The stringr trio (str_which, str_subset, str_detect) is preferred inside tidyverse pipelines because every function in the family obeys the same NA, vectorization, and pattern modifier rules.

Common pitfalls

Pitfall 1: forgetting that the output length differs from the input. str_which(x, p) returns one element per match, not one per input string. Do not assume length(str_which(x, p)) == length(x); use str_detect() if you need a same-length vector.

Pitfall 2: special regex characters treated as patterns. str_which(x, "1.5") matches "1a5", "1-5", and any "1X5" sequence, not just literal "1.5". Use fixed("1.5") or escape the dot: "1\\.5".

Warning
str_which() silently drops NAs; it does not return integer-NA at their positions. str_which(c("a", NA, "ab"), "a") returns c(1, 3).
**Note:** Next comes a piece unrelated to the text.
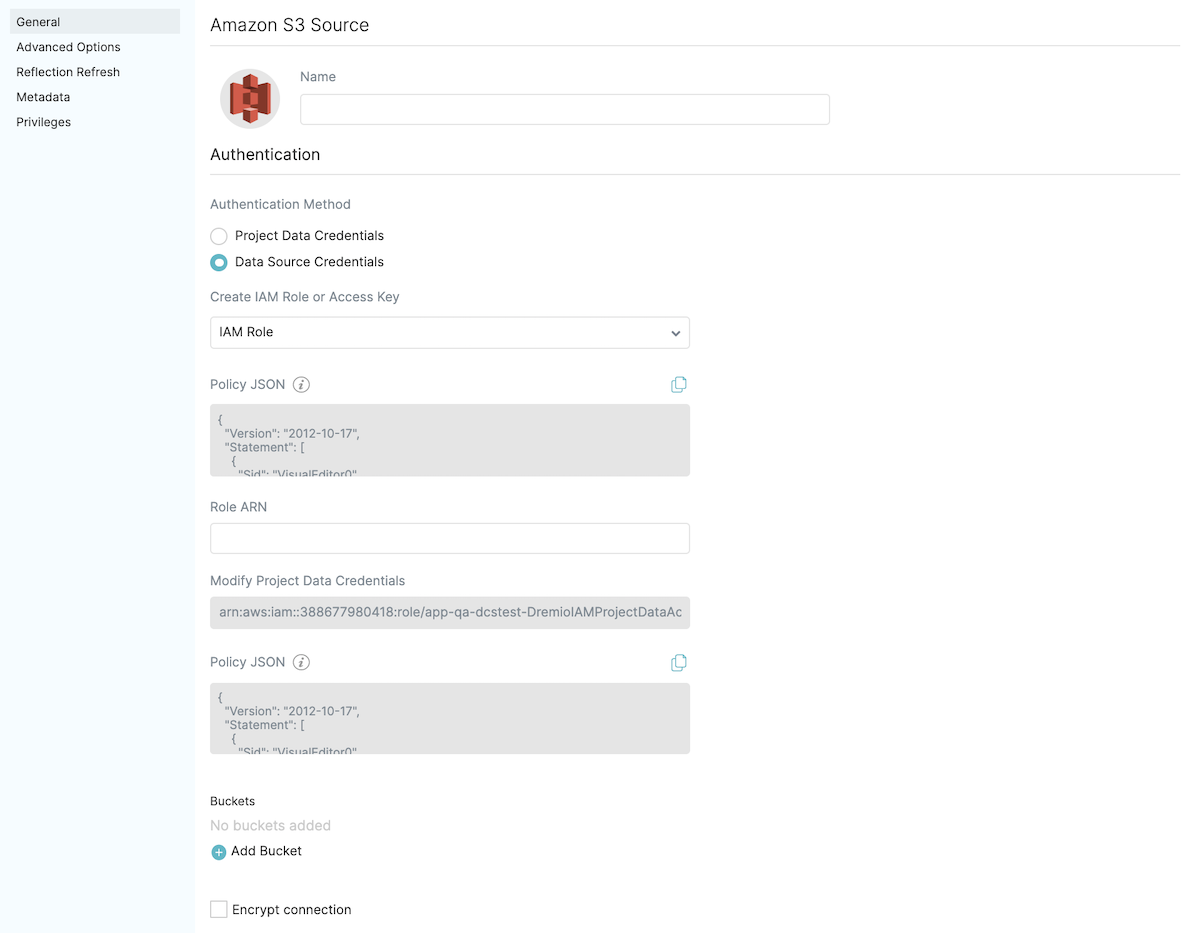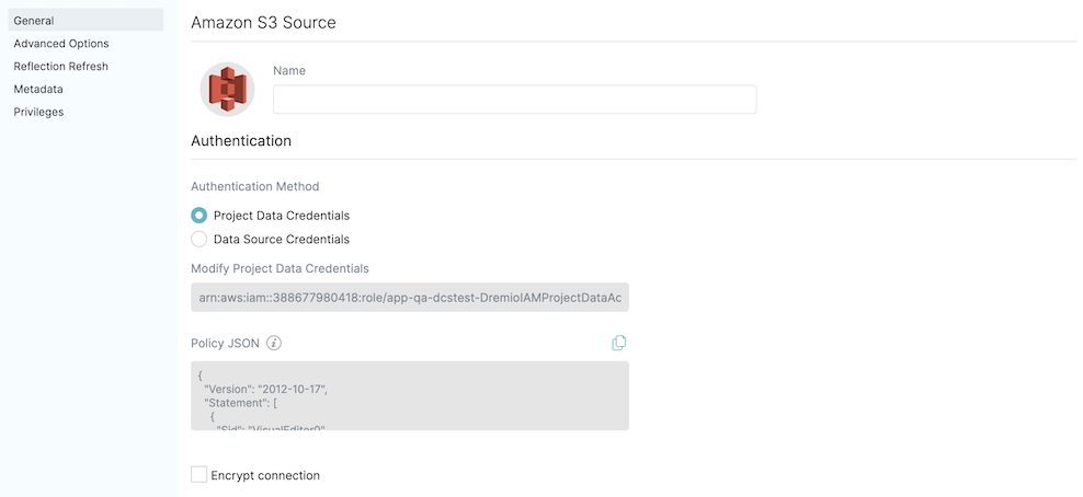 - For Authentication Method, select Project Data Credentials. Note that the IAM role that is used in the project data is shown under Modify Project Data Credentials.

If you need a same-length output (one entry per input), use str_detect() and apply which() yourself only after deciding how to handle NAs.

Try it yourself

Try it: Find the indexes of iris$Species (as a character vector) where the species name contains "color". Save the integer vector to ex_idx.

RYour turn: find indexes of 'color' species
species <- as.character(iris$Species) ex_idx <- # your code here length(ex_idx) #> Expected: 50

  
Click to reveal solution
RSolution
species <- as.character(iris$Species) ex_idx <- str_which(species, "color") length(ex_idx) #> [1] 50 head(ex_idx) #> [1] 51 52 53 54 55 56

  

Explanation: str_which(species, "color") returns the positions where "color" appears as a substring. Only the 50 "versicolor" rows match; they sit at indexes 51 through 100 in the species vector.
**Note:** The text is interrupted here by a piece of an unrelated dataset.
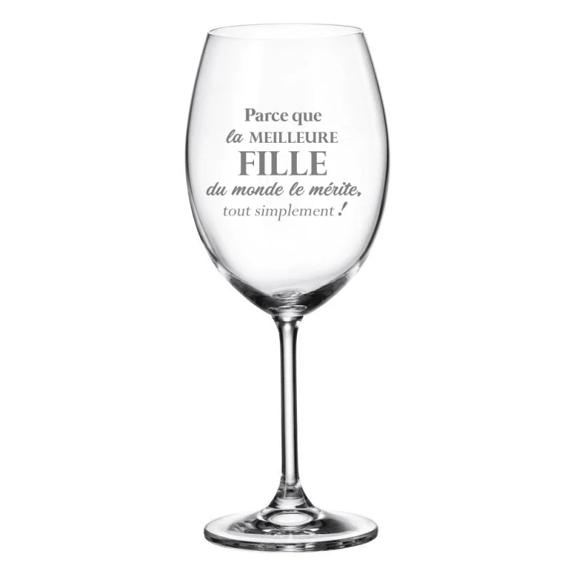 Coupe à vin avec l'inscription : Parce que la meilleure Fille

After mastering str_which, look at:

  • str_subset(): returns the matching strings (values, not indexes)
  • str_detect(): returns a logical vector for masking and filtering
  • str_locate(): returns positions WITHIN each string, not across the vector
  • str_extract(): pulls out the matched substring
  • grep(): base R equivalent of str_which() with no dependency

For complete regex grammar (anchors, classes, quantifiers, lookarounds), the official stringr regular expressions vignette is the authoritative reference.

FAQ

How do I find the index of a string matching a pattern in R?
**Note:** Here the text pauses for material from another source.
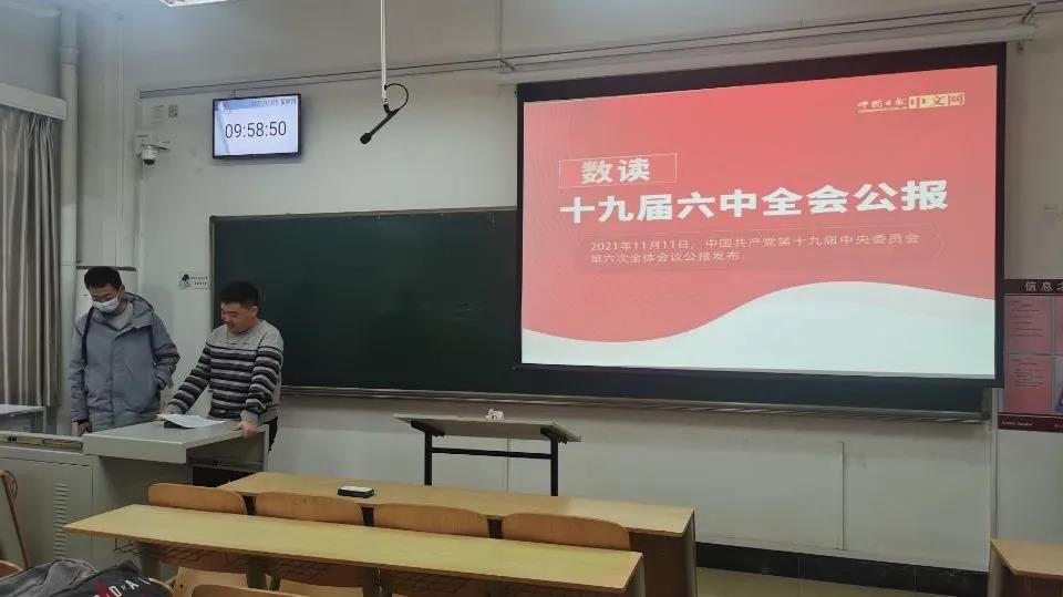 2020级工程力学班于兴隆山校区教学群楼1106开展党的十九届六中全会专题学习。本次专题学习由入党积极分子孙景树、赵昊阳主讲,2020级工程力学班全体同学参加。

Use stringr::str_which(x, "pattern"). It returns an integer vector of positions where the pattern matches in the character vector x. The output length equals the number of matches, not the input length. For a same-length logical vector, use str_detect() instead, then apply which() if you still want indexes.

What is the difference between str_which and str_subset in R?

Both filter a character vector by pattern, but they return different things. str_which(x, p) returns integer indexes (positions in x); str_subset(x, p) returns the matching strings themselves. Use str_which() when you need to refer back to the original positions for assignment or row indexing; use str_subset() when you only care about the values.

Is str_which the same as grep in R?

Yes, for typical use. str_which(x, p) and grep(p, x) both return integer indexes of matches. The differences are stylistic and ecosystem: str_which() lives in stringr and shares pattern modifiers (fixed(), regex(), coll(), boundary()) with the rest of the package, while grep() is base R with its own fixed = TRUE and ignore.case = TRUE arguments.

How do I do a case insensitive str_which match?

Wrap the pattern in regex(pattern, ignore_case = TRUE): str_which(x, regex("apple", ignore_case = TRUE)). The plain ignore.case argument from base R does not exist on stringr functions; modifier functions like regex(), fixed(), and coll() are the unified way to control match behavior.

Why does str_which return fewer values than my input has?

Because the result reports indexes of matches, not a verdict per input. Strings that do not match (including NAs) are omitted. If x has 10 elements and 3 match, str_which() returns a length-3 integer vector. Use str_detect() for a length-10 logical vector that aligns row-for-row with the input.